Influence of SAR Incidence direction and Angle on the classification result

Is there anyone to kindly explain how the look direction change (Desc. vs Asce.) with different Incidence Angle may lead to different classification results?

e.g., Ascending: Incidence Angle (near-far): 38.75-41.20 obtained on 10 Aug.
e.g., Descending: Incidence Angle (near-far): 46.3-48.2 obtained on 13 Aug

From the same area. The Asce. image covers a larger area

Objective: Water binary classification


For water bodies it shouldn’t make any difference because they don’t underlie topographic variation.
There is a relationship between the incidence angle and backscatter bias but this applies to slopes towards/away from the sensor only.


If your water areas have steep coasts there could be some shadow or foreshortening depending on the flight direction, but for Sentinel-1 this would make only a pixel (on the land).
Very steep coasts at 100 or more meters above the sea level could indeed cause problems for the exact discrimination between water and land.

This could be interesting to you:
Relationship of local incidence angle with satellite radar backscatter for different surface conditions


Thanks a lot for your good explanation.

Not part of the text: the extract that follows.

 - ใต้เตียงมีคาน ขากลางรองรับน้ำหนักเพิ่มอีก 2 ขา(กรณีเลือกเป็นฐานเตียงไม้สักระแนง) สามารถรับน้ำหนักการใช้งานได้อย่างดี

You re right, those water areas have been identified on Des., can be also found on Asc. water mask more or less.

The data is radarsat 2. The area is not that steepy <12 degree.

But one thing odd I have noticed on 2 out of 24 images was that these two images (both Descending) had a much lower range for texture analysis compared to other ones under the same condition.

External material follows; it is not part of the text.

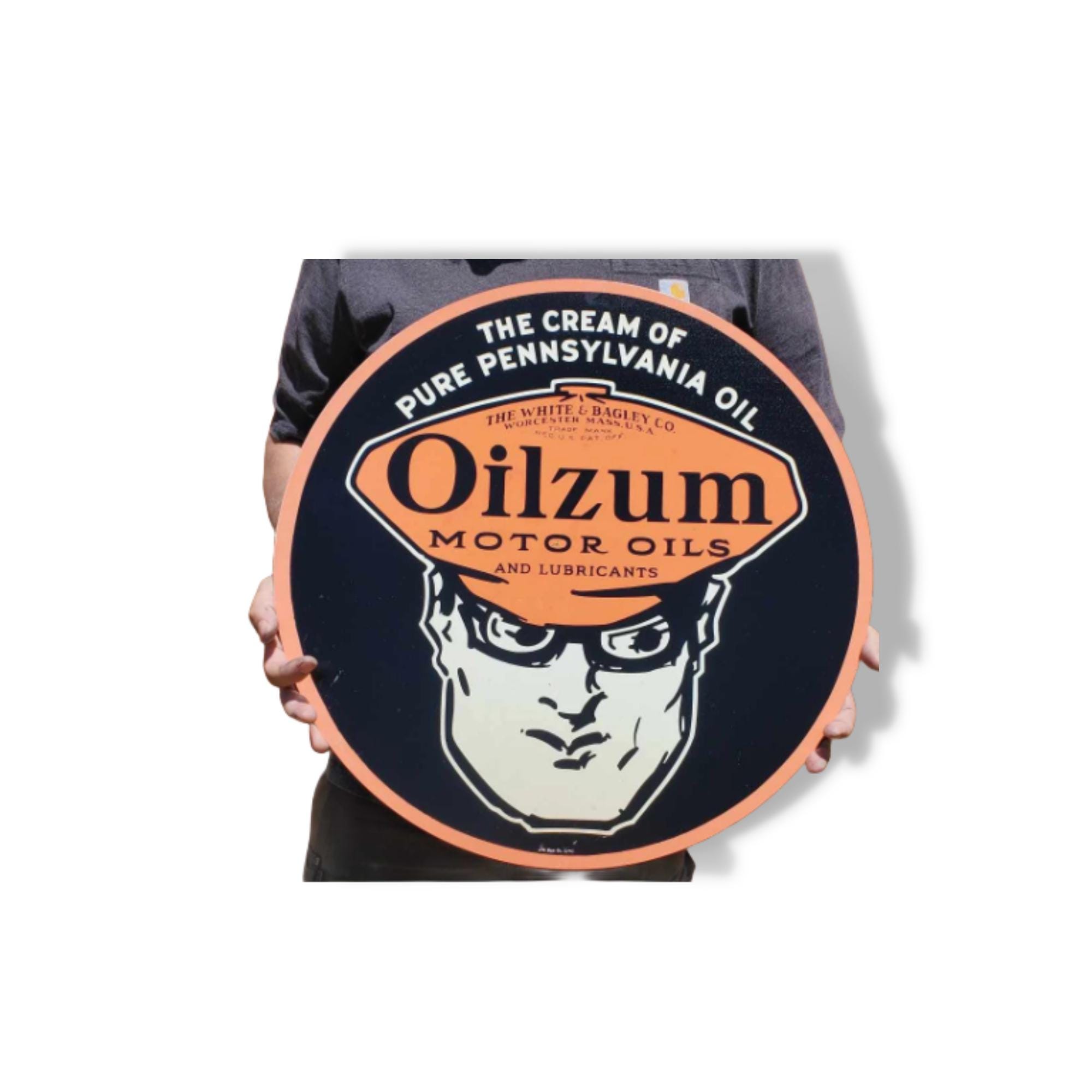 Vintage Metal Reproduction Sign • Retro Oilzum Garage Sign • Classic Motor Oil Wall Decor • Antique Style Metal Shop Sign

e.g., these two des images , texture water range <3

but for other ones including asce and desc, the range was <15

The Same area, only different date acquisition. It s hard to justify that! Why backscattering values only for those two images were much lower than others. The weather condition for all almost was in calm condition. Any ideas!


maybe resampling was different, leading to a smoother image?
Or you used another DEM (3Sec instead of 1Sec) for Terrain correction.

Just thinking of possible reasons…


No, all datasets have been run under the same loop setting! SRTM 3sec was used for TC, and all GLCM setting remained the same for all! Resampling Bilinear for all! :neutral_face:

Thanks again

Small differences in weather conditions can have a big impact on the water backscattering.
Are you saying that the backscattering intensity for the 2 images is also much lower than for the remaining 22? If the backscattering is low enough, what you see in the image is the noise floor. I don’t know about the texture range you are using, but maybe noise has a lower range than water backscattering.

1 Like

SAR is seeing the small capillar waves on water-surfaces so the backscatter depends on wind-conditions. If you can find a wind-free scene water bodies have very low backscatter-values.

1 Like

I have compared two Descending images from the same area, same year: July vs. Aug.

the most odd thing, on the statistics report the max value for sigma0 is extremely high>>1 while the visual inspection can not find such a big value! Also Percentile 95 shows a normal range for sigma0 <<1 (please see the attached TC statistics- Linear sigma0 values).

Later on, when I get GLCM for both images, July has a smaller range< 3 and Aug, range <10 (under the same setting)!
The wind speed for smaller backscattering value is 6 km/h and wind direction 120 degree, while for another one is 12 km/hr , and 210 degree.

Any comment is really appreciated! Thanks!

There seems to be something wrong with those statistics. I don’t believe the values of all the pixels up to P95 in a water body can be stuck at the minimum value. And this minimum value is below -40dB. RS2 has some modes with very low noise floor, but I don’t think it is as low as -40dB.
Homogeneous sea clutter is usually modeled with distributions like the Gaussian, gamma or k.

1 Like

The statistics is for the entire image, not water bodies only. The values<<1 is for Linear sigma0, not in db.


I just did 10log(2.56e-5) = -46dB
Are you sure those percentile values are correct? An image where at least 95% of the pixels have the same very low value will look strange. Or maybe some very wide black borders have been added?

1 Like

Yeah, I see your point. But all I am doing is to get a simple statistics over the Entire Image. The oddest thing is the Max value for Sigma0>>>1!!! However, such a value can not be found on the image.

I did run again for both linear and db sigma0, the same result though! No clue!

The percentiles in dB make a lot more sense (and are different to the percentiles in linear units).
I don’t know which tool you are using to compute the statistics.
The min and max values may just be of some freak pixels. I guess 32dB is actually possible from very strong man-made scatterers. If the tool reports max=32dB and that’s not true, then that tool is not very good.

1 Like

Thanks for your good info. Actually, the db image was produced from the same image with an odd value for max sigma0 .

I used SNAP, and simply clicked on “Statistics”, and ran it for my TC radarsat2!